Grapheme cluster breaks in a string (GNU libunistring)

10.1 Grapheme cluster breaks in a string

The following functions find a single boundary between grapheme clusters in a string.

Function: void u8_grapheme_next (const uint8_t *s, const uint8_t *end) ¶

Function: void u16_grapheme_next (const uint16_t *s, const uint16_t *end) ¶

Function: void u32_grapheme_next (const uint32_t *s, const uint32_t *end) ¶

Returns the start of the next grapheme cluster following s, or end if no grapheme cluster break is encountered before it. Returns NULL if and only if s == end.

Note that these functions do not handle the case when a character outside of the range between s and end is needed to determine the boundary. This is the case in particular with syllables in Indic scripts or emojis. Use _grapheme_breaks functions for such cases.

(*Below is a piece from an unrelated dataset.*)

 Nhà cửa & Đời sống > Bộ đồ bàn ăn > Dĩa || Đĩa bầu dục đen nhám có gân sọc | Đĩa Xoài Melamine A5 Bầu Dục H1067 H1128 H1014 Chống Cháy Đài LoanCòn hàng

Function: void u8_grapheme_prev (const uint8_t *s, const uint8_t *start) ¶

Function: void u16_grapheme_prev (const uint16_t *s, const uint16_t *start) ¶

Function: void u32_grapheme_prev (const uint32_t *s, const uint32_t *start) ¶

Returns the start of the grapheme cluster preceding s, or start if no grapheme cluster break is encountered before it. Returns NULL if and only if s == start.

Note that these functions do not handle the case when a character outside of the range between start and s is needed to determine the boundary. This is the case in particular with syllables in Indic scripts or emojis. Use _grapheme_breaks functions for such cases.

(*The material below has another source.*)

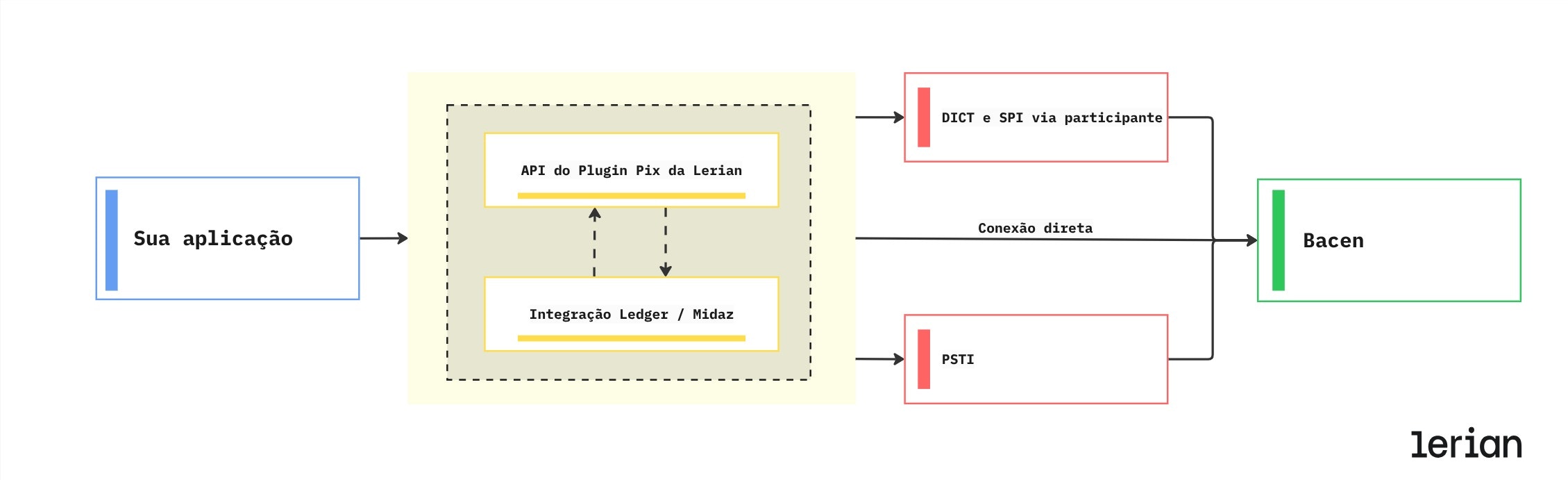 Em todos os modelos de conexão, o plugin atua como o motor Pix dentro da sua infraestrutura:

Note also that these functions work only on well-formed Unicode strings.

The following functions determine all of the grapheme cluster boundaries in a string.

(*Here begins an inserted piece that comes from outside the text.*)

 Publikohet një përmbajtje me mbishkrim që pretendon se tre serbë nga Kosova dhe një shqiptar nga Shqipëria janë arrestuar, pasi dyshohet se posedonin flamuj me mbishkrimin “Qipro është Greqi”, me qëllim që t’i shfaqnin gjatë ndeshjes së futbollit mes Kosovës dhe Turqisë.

Function: void u8_grapheme_breaks (const uint8_t *s, size_t n, char *p) ¶

Function: void u16_grapheme_breaks (const uint16_t *s, size_t n, char *p) ¶

Function: void u32_grapheme_breaks (const uint32_t *s, size_t n, char *p) ¶

Function: void ulc_grapheme_breaks (const char *s, size_t n, char *p) ¶

Function: void uc_grapheme_breaks (const ucs_t *s, size_t n, char *p) ¶

Determines the grapheme cluster break points in s, an array of n units, and stores the result at p[0..nx-1].

p[i] = 1: means that there is a grapheme cluster boundary between s[i-1] and s[i].
p[i] = 0: means that s[i-1] and s[i] are part of the same grapheme cluster.

p[0] is always set to 1, because there is always a grapheme cluster break at start of text.

In addition to the above variants for UTF-8, UTF-16, and UTF-32 strings, <unigbrk.h> provides another variant: uc_grapheme_breaks.

This is similar to u32_grapheme_breaks, but it accepts any characters which may not be represented in UTF-32, such as control characters.